Lecture 29: Linear Dependence, Linear Independence (Nicholson Section 5.2)
Sub Project: Linear Algebra Lecture Videos
Alternate Video Access via MyMedia | Video Duration: 58:21
Description: 1:30 --- introduced a set which is the set of all linear combinations of two specific vectors in R^2. Discussed the set, examples of vectors in the set, etc.
10:00 --- Theorem: the set of all linear combinations of two (fixed) vectors in R^n is a subspace of R^n. Proved the theorem.
19:00 --- Introduced Span(v1, v2 ,.. vk) and stated that it’s a subspace of R^n.
22:00 --- gave an example of a subset of R^2 which is closed under scalar multiplication but not under vector addition. Gave an example of a subset of R^2 which is closed under vector addition but not under scalar multiplication.

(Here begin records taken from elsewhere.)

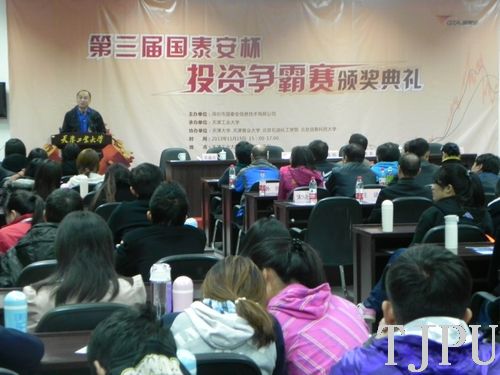 本次颁奖典礼由全国高校金融投资竞赛组委会和深圳市国泰安信息技术有限公司主办,我校承办。共有来自天津大学、天津商业大学、天津师范大学、天津理工大学、北京信息大学、北京石油化工大学、北京方正软件学院、内蒙古大学和河北金融学院等十余所高校的代表队参加。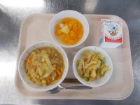 緑が映えるよう、細かく刻んだ人参とご飯を一緒に炊きあげたキャロットライスを使用。その上からグリンピースで「てんらんかい」という文字を書きました。子供たちの反応はどうかな〜?ドキドキしながら教室を回ると、「すごーぃ!」と喜ぶ子供たちの顔が一斉に迎え入れてくれました。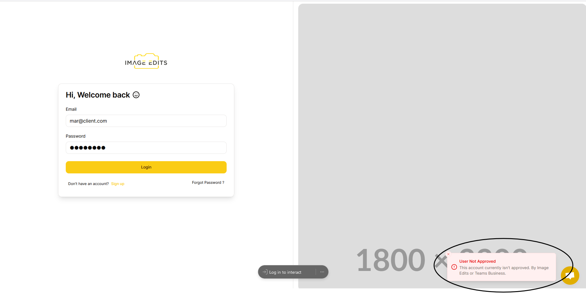 Upon attempting to log in, a popup notification will inform you that your account has not been approved.

24:40 --- example in which I show that [7;1;13] is not in Span([2;1;4],[-1;3;1],[3;5;7]). Used high school methods to solve the problem. NOTE: there’s a mistake at 30:00. The second equation should be 6 t1 + 10 t3 = 20, not 2 t1 + 4 t3 = 6!! When plugging t1 into the third equation, one gets -2 t3 + 83/7 = 13, which has the solution t3 = -4/7. This then determines t1 = 30/7 and t2 = -1/7 and, in fact, we have that [7;1;13] is in Span([2;1;4],[-1;3;1],[3;5;7]) because (30/7)* [2;1;4]+(-1/7)*[-1;3;1]+(-4/7)*[3;5;7] = [7;1;13]. What went wrong? I made a mistake when copying from my notes. My notes had the example “[7;1;13] is not in Span([2;1;4],[-1;3;-1],[3;5;7]).” Note that the third component of the second vector in the span is -1, not +1, as written on the blackboard. If you correct that mistake then you’ll get that the rest of the approach works and that you end up with the impossibility of 44/7=6.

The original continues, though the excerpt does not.